Entre les masques d’Ostende, les cieux bas, l’Escaut, Bruxelles et Anvers, Paul Willems est un des derniers mohicans à être flamand et écrire en français. Cette survivance d’ancien régime sonne étrangement à nos oreilles devenues séparatistes par, dit-on, la force des choses.
Le grand écart
Même s’il tombe des échelles du grenier en jouant pour ses petits-enfants, Paul Willems est de ces acrobates qui font le grand écart entre deux cultures, l’une qui lui a donné ses images, l’autre la langue qui les charrie. Il dit être reconnu depuis peu par la communauté flamande et parle peu de ce qui, pour lui, relève des évidences, celle de la patrie langue qui nous tient. Il se retranche derrière son passé, ses acquis, sa langue. Il nous emmène au Pays noyé qui serait un peu le nôtre. Un paysage où les moutons ont les pieds dans la boue salée, où le vent laisse présager la mer, où les bateaux blancs marchent sur l’herbe. On est au bout de quelque part qui ressemble à un ailleurs. Le peintre s’emmêle les pinceaux quand la terre devient l’eau ou l’inverse. Cette mixité plait à Paul Willems. On le comprend puisqu’il regarde depuis toujours deux horizons opposés qu’il réunit dans sa lunette d’approche dotée d’une vision au grand angle très particulière. La sienne.

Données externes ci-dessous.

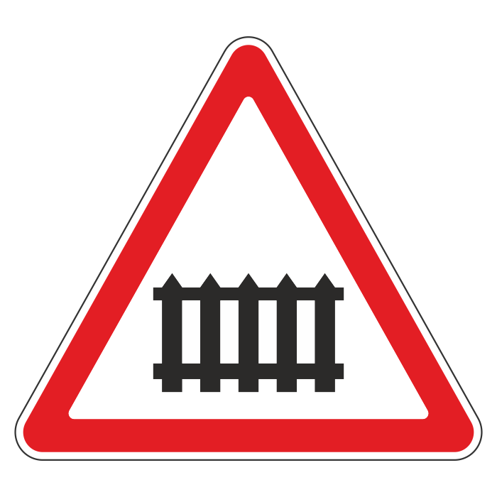 Дорожный знак 1.1 «Железнодорожный переезд со шлагбаумом» (металл 0,8 мм, III типоразмер: сторона 1200 мм, С/О пленка: тип А инженерная)

Dans ses textes, son théâtre ou ses récits, l’eau encercle aussi les terres, et la maison fait figure d’île. Il y a la terre ferme et le risque d’un possible recouvrement par une eau dormante. À moins que la maison ne se dilue elle-même dans Le pays noyé, où le fleuve emporte tout dans un Styx devenu béatitude. En rencontrant Paul Willems à Missembourg, ilot d’écriture et d’histoire entouré d’autoroutes, on comprend que l’ile ait la force d’un paradis, même s’il est perdu d’avance. Ce pari pascalien n’a sans doute jamais intéressé Paul Willems, lui qui attend depuis toujours la pêche miraculeuse du phoque de la mer du Nord. Ce phoque, s’il a les moustaches d’Émile Verhaeren, a aussi les bons yeux de Paul Willems, une bête fantastique qu’il conviendrait que quelque autre guette à son tour au bord d’un fleuve.